CATALOG_NAME = "f1_dev"
SILVER_SCHEMA = "silver"
GOLD_SCHEMA = "gold"

# Full table references
silver_db = f"{CATALOG_NAME}.{SILVER_SCHEMA}"
gold_db = f"{CATALOG_NAME}.{GOLD_SCHEMA}"

print(f"Catalog: {CATALOG_NAME}")
print(f"Silver Schema: {silver_db}")
print(f"Gold Schema: {gold_db}")

Catalog: f1_dev
Silver Schema: f1_dev.silver
Gold Schema: f1_dev.gold


## Setup Unity Catalog

In [0]:
# Set catalog context
spark.sql(f"USE CATALOG {CATALOG_NAME}")

# Create Gold schema if not exists
spark.sql(f"CREATE SCHEMA IF NOT EXISTS {CATALOG_NAME}.{GOLD_SCHEMA}")
spark.sql(f"USE SCHEMA {GOLD_SCHEMA}")

print(f"Using: {CATALOG_NAME}.{GOLD_SCHEMA}")

Using: f1_dev.gold


## Import Libraries

In [0]:
from pyspark.sql.functions import (
    col, sum, avg, count, max, min, first, last,
    when, rank, dense_rank, row_number, lag, lead,
    collect_list, concat_ws, lit, round as spark_round,
    current_timestamp, year, countDistinct
)
from pyspark.sql.window import Window

## 1. Fact Race Results

A fully denormalized fact table joining all dimensions for easy reporting.

In [0]:
# Read Silver tables
results = spark.table(f"{silver_db}.results")
races = spark.table(f"{silver_db}.races")
drivers = spark.table(f"{silver_db}.drivers")
constructors = spark.table(f"{silver_db}.constructors")
circuits = spark.table(f"{silver_db}.circuits")
status = spark.table(f"{silver_db}.status")

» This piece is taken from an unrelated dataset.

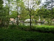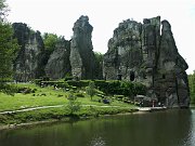 Blick vom Oberen Teich auf die Externsteine

# Create denormalized fact table
fact_race_results = results \
    .join(races, "race_id") \
    .join(drivers, "driver_id") \
    .join(constructors, "constructor_id") \
    .join(circuits, "circuit_id") \
    .join(status, "status_id", "left") \
    .select(
        # Result facts
        results.result_id,
        results.race_id,
        results.driver_id,
        results.constructor_id,
        results.grid_position,
        results.finish_position,
        results.position_text,
        results.points_earned,
        results.laps_completed,
        results.finish_time,
        results.time_milliseconds,
        results.fastest_lap_number,
        results.fastest_lap_rank,
        results.fastest_lap_time,
        results.fastest_lap_speed_kph,
        results.is_winner,
        results.is_podium,
        results.is_points_finish,
        results.positions_gained,
        
        # Race dimensions
        races.race_year,
        races.race_round,
        races.race_name,
        races.race_date,
        
        # Driver dimensions
        drivers.full_name.alias("driver_name"),
        drivers.driver_code,
        drivers.driver_nationality,
        
        # Constructor dimensions
        constructors.constructor_name,
        constructors.constructor_nationality,
        
        # Circuit dimensions
        circuits.circuit_id,
        circuits.circuit_name,
        circuits.circuit_location,
        circuits.circuit_country,
        
        # Status dimensions
        status.status_description,
        status.status_category
    ) \
    .withColumn("updated_at", current_timestamp())

# Write to Gold
fact_race_results.write.format("delta") \
    .mode("overwrite") \
    .option("overwriteSchema", "true") \
    .partitionBy("race_year") \
    .saveAsTable(f"{gold_db}.fact_race_results")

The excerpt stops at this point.